Blues was and still is the music which best encapsulates and expresses the experiences and feelings of the Afro-American community. Its ingredients are all the elements that accompany the daily life of an oppressed and discriminated society, such as poverty and misery, the pain caused by segregation and racial hatred, and the loves and misfortunes through which the existence of all humans inevitably passes. But blues, as a musical manifestation of all these experiences, also acts as an antidote to despair and self-pity, turning this music into a form of expansion to face adversity and, therefore, it incorporates other elements of a positive nature: the simple joy of living, irony, a sense of humor, protest, whether veiled or blunt and direct, and the pride of not letting oneself be defeated.
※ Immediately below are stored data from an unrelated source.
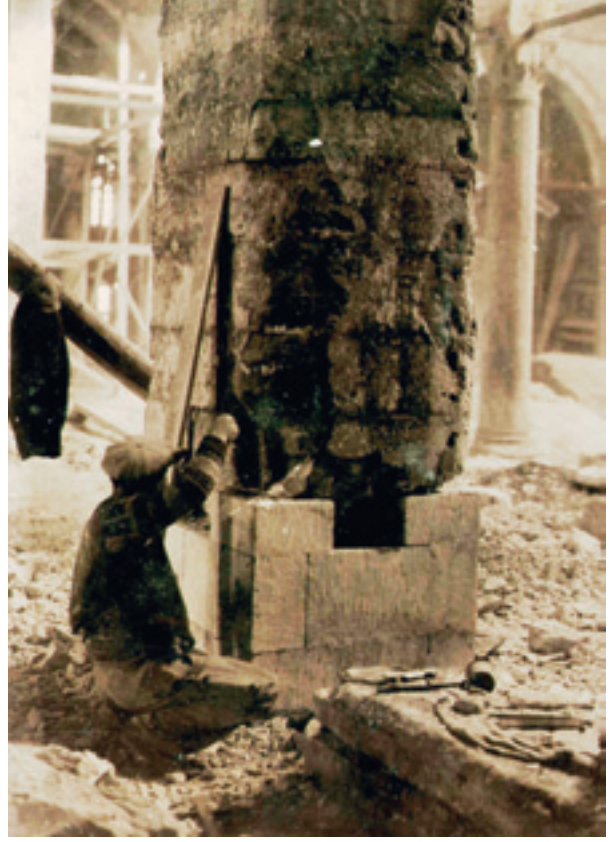
Fotoğraf 24 Darüüşşifa payelerinde onarım faaliyeti 1938

Süleymaniye Külliyesi'nin 1935-1945 yılları arasındaki durumunu ise İstanbul Arkeoloji Müzeleri Encümeni Arşivindeki fotoğraflar ayrıntılı bir şekilde göstermektedir. Encümen, bu yıllarda İstanbul'daki mevcut anıtsal yapıların fotoğraflarını çekip tespitlerini yapmıştır. Vakıflar Genel Müdürlüğü ve İstanbul Bölge Müdürlü-
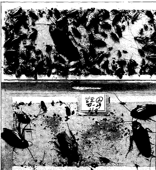
끈끈이 트랩에 채집된 바퀴류. 윗쪽 사진에 많이 잡힌 작은 개체들이 바퀴이다. 윗쪽 사진 왼쪽 중간의 큰 개체와 아랫쪽 사진 중앙의 두 개체는 이질바퀴이며 아랫쪽 사진 양끝에 있는 두 개체는 먹바퀴이다.

한 건물이 떨어져 있으므로 건물간의 바퀴류 이동이 중요시 되며, 그 발생양태가 복잡하여 전체적인 방제가 어렵다. 주택지의 독립된 개인주택은 각 주거인의 방제의식이 중요한 역할을 한다. 이런 장소외에 특수 서식지로는 병원, 대형창고, 공장, 항공기, 선박, 생산공장 등을 들수 있겠는데 각 서식처 마다 생태적 여건이 다르므로 바퀴류 피해는 상당히 다른 경제성을 가진다. 이런 특수 서식지에서는 방제에 대단히 신중해야 하고 고도의 방제기술을 요한다.
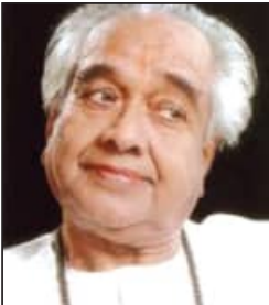
ଶୋକବ୍ୟକ୍ତ କଲେ ମୋହନ ନବୀନ
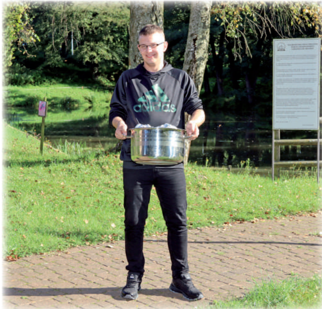
▶ Nie mogło zabraknąć ziemniaków, które trafiły do ogniska.

Były także kielbaski, które uczestnicy mogli sami upiec w ognisku. WTZ w Górkach to placówka, w której prowadzona jest rehabilitacja społeczna i zawodowa dla dorosłych niepełnosprawnych mieszkańców powiatu kwidzińskiego. To miejsce aktywnej rehabilitacji, która ma w przyszłości ułatwić znalezienie zatrudnienia, lub nauczyć samodzielności osoby niepełnosprawne posiadające znaczny lub umiarkowany stopień niepełnosprawności. W zajęciach terapeutycznych Warsztatu Terapii Zajęciowej w Górkach uczestniczy 47 niepełnosprawnych osób z całego powiatu kwidzińskiego.
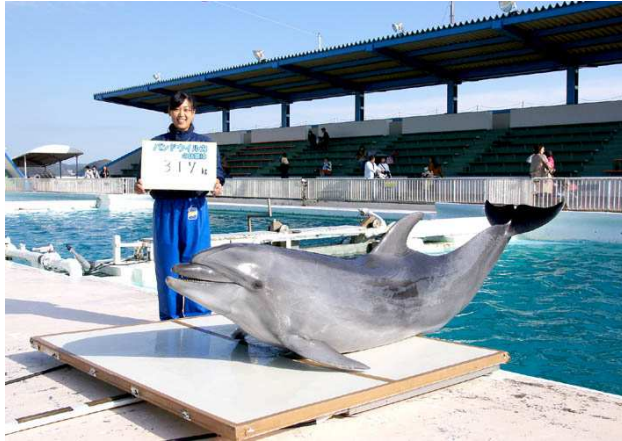
イルカの体重測定

Women have had a very important role in blues. We should bear in mind that, in addition to everything we have said, they have to fight against everything that negatively affects females: they are black and they are women. Enough said. It is perhaps for all these reasons that female blues performers have emerged as leading figures in the style. 

They are historically famous: Ma Rainey, Bessie Smith, Clara Smith, Mamie Smith, Alberta Hunter, Memphis Minnie, Victoria Spivey, Ruth Brown, Carrie Smith, Aretha Franklin, etc. It is a whole saga of great singers to which we can add those who have basically moved into the world of jazz orchestras, such as Ethel Waters, Ella Fitzgerald, Billie Holiday, Helen Humes and Dinah Washington.

Their biographies are often real dramas, are examples of struggle and confrontation in the face of a society that oppressed them due to their double condition of being both black and female. Their songs, subtle or stripped, whispered or shouted, sublimely express everything that burns inside their hearts and lifts their souls. Blues women are an important part of black American culture.